= Ken Castleman =

Kenneth R. Castleman is a retired NASA engineer who now lives in League City, Texas. He holds B.S, M.S. and Ph.D. degrees in electrical engineering from The University of Texas at Austin. He was a Senior Scientist at NASA's Jet Propulsion Laboratory from 1970 through 1985. During that time he headed the Automated Light Microscope project, which paved the way for landing an intelligent microscope on Mars, and he was inducted into the National Space Foundation's Space Technology Hall of Fame. He also served on the faculty at Caltech and on the research staff at USC and at UCLA.

In 1984, Castleman teamed up with Donald Winkler of the NASA Johnson Space Center and founded Perceptive Systems, Inc (PSI) in Houston, Texas. That company manufactured automated microscope systems for use in genetic diagnosis and sold them internationally. PSI was later reformed as Perceptive Scientific Instruments, Inc. (PSII) and eventually sold to IRIS International in 1996. IRIS established it as a Research and Development Center under the name Advanced Digital Imaging Research (ADIR), with Dr. Castleman as president. He retired in 2008.

Castleman is the author of the textbooks Digital Image Processing (1979) ISBN 0-13-212365-7, Digital Image Processing (1996) ISBN 0-13-211467-4 and a co-editor of Microscope Image Processing (2008) ISBN 978-0-12-372578-3. The 1996 book has been translated int Japanese and Chinese and is used in universities internationally. He is also the author or co-author of four patents and more than sixty scientific articles.

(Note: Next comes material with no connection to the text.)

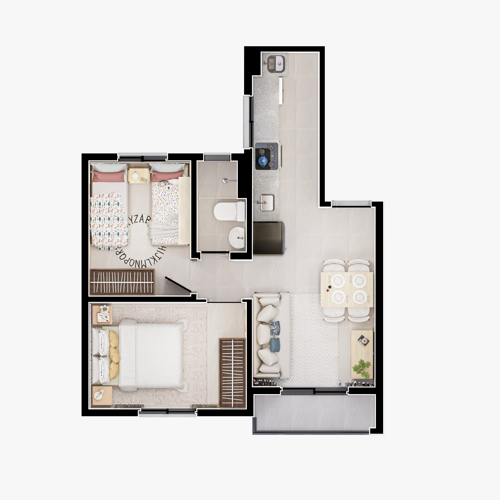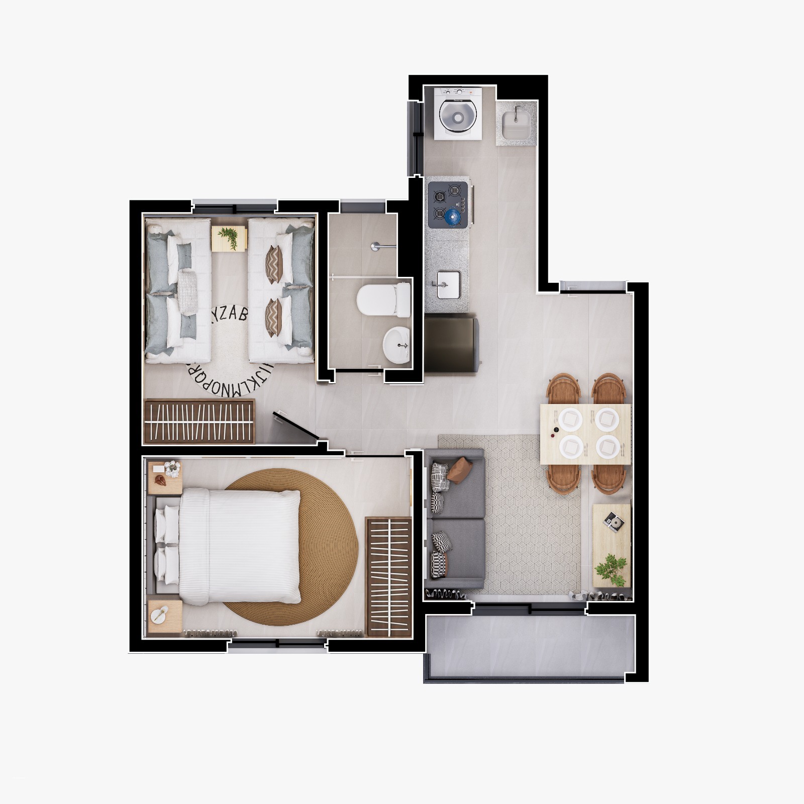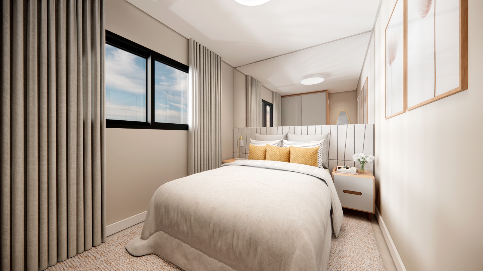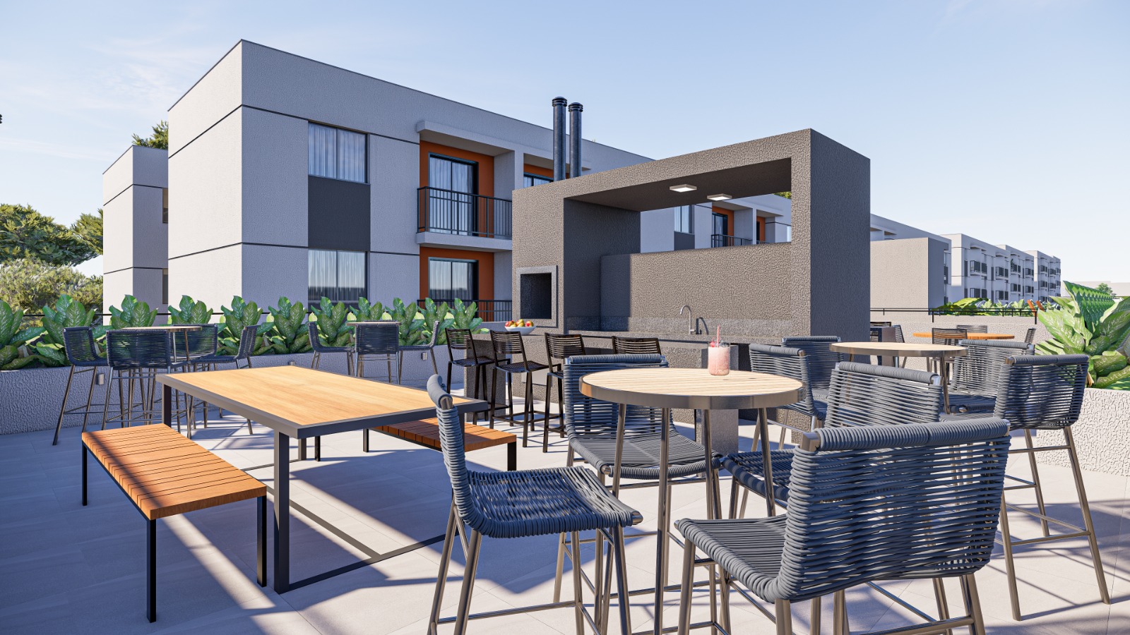 Apartamentos com 2 dormitórios, incluindo suíte e sacada com churrasqueira em todas as unidades.
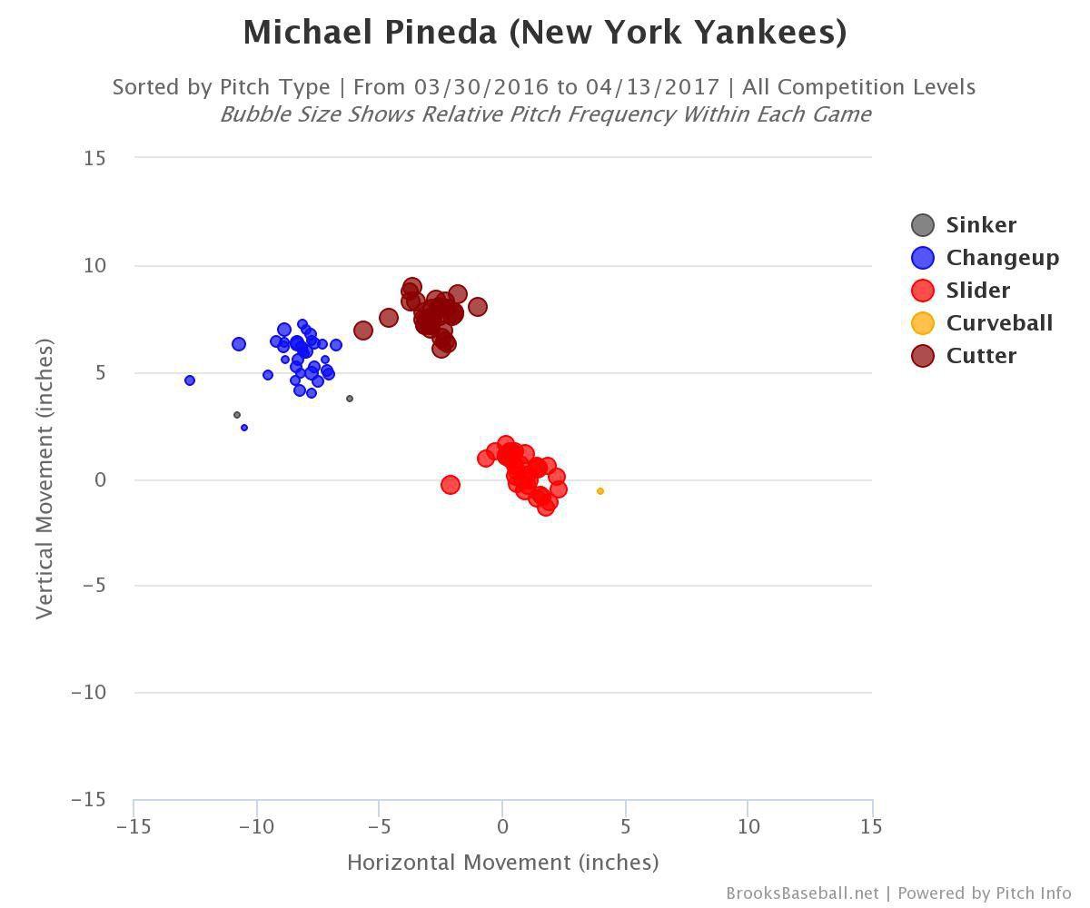 At this point in his career, Pineda’s an unconventional power pitcher. He still throws fairly hard — his fastball averages a shade under 95 miles an hour and last year topped out at 98.8 — and has a swing-and-miss slider and a changeup. The weird thing about Pineda, however, is that he doesn’t really have a pitch with glove-side break.

Castleman is an authority in the field of image processing and pattern recognition. In 1986 and again in 2003, he was called in by NASA to assist the investigations into the Challenger and Columbia space shuttle accidents. He has served on government, industrial, and university advisory committees and has testified as an expert witness in a number of patent lawsuits.